Because of the way C is compiled it must know where to break to when the function is called. Since you can call it from anywhere, or even somewhere a break makes no sense, you cannot have a break; statement in your function and have it work like this.

Other answers have suggested terrible solutions such as setting a global variable, using a #define or longjumping(!) out of the function. These are extremely poor solutions.

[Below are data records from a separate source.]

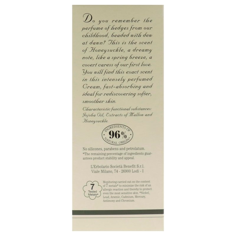 LErbolario Perfumed Body Cream, Honeysuckle, 5.7 oz - Body Lotion - With Extracts of Jojoba Oil - Floral Citrus Scent - Moisturizing - Cruelty-Free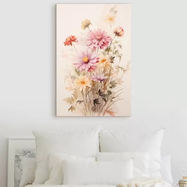 Glezna Krāsainu ziedu pušķis, mīksts akvareļu stils, uz gaiša fona, botāniska ilustrācija  s45560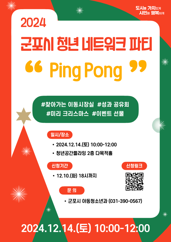 2부 성과공유회는 청년네트워크 파티 “ping pong”이라는 부제를 가지고 편안하고 자유로운 분위기에서 2024년 청년정책 및 활동에 참여했던 청년들의 성과물 전시 및 발표를 통해 한 해 동안 추진한 사업과 활동 결과를 서로 핑퐁(ping pong)하며 지역 청년들과 공유·소통하는 화합의 장을 마련할 예정이다.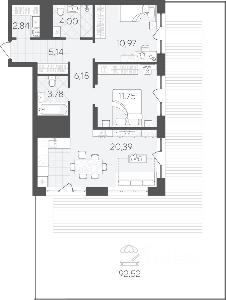 69 м² · Этаж 12 из 19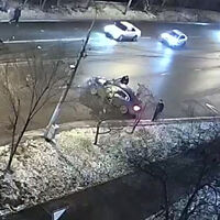 Уличная камера запечатлела инцидент. На кадрах видно, как легковой транспорт на большой скорости врезается в машину на повороте, от удара автомобили разлетаются и начинают вращаться. Кроме того, в момент столкновения отлетают детали. В конце записи заметно, что к поврежденным машинам подбегают очевидцы.

Instead, you should use the solution you wrongly dismiss in your opening paragraph and return a value from your function that indicates the state that you want to trigger a break in this case and do something like this:

#include <stdbool.h>

bool checkAndDisplay(int n)
{
    printf("%d\n", n);
    return (n == 14);
}

int main(void) {
    for (int i = 0; i <= 100; i++) {
        if (checkAndDisplay(i))
            break;
    }
    return 0;
}

Trying to find obscure ways to achieve things like this instead of using the correct way to achieve the same end result is a surefire way to generate dire quality code that is a nightmare to maintain and debug.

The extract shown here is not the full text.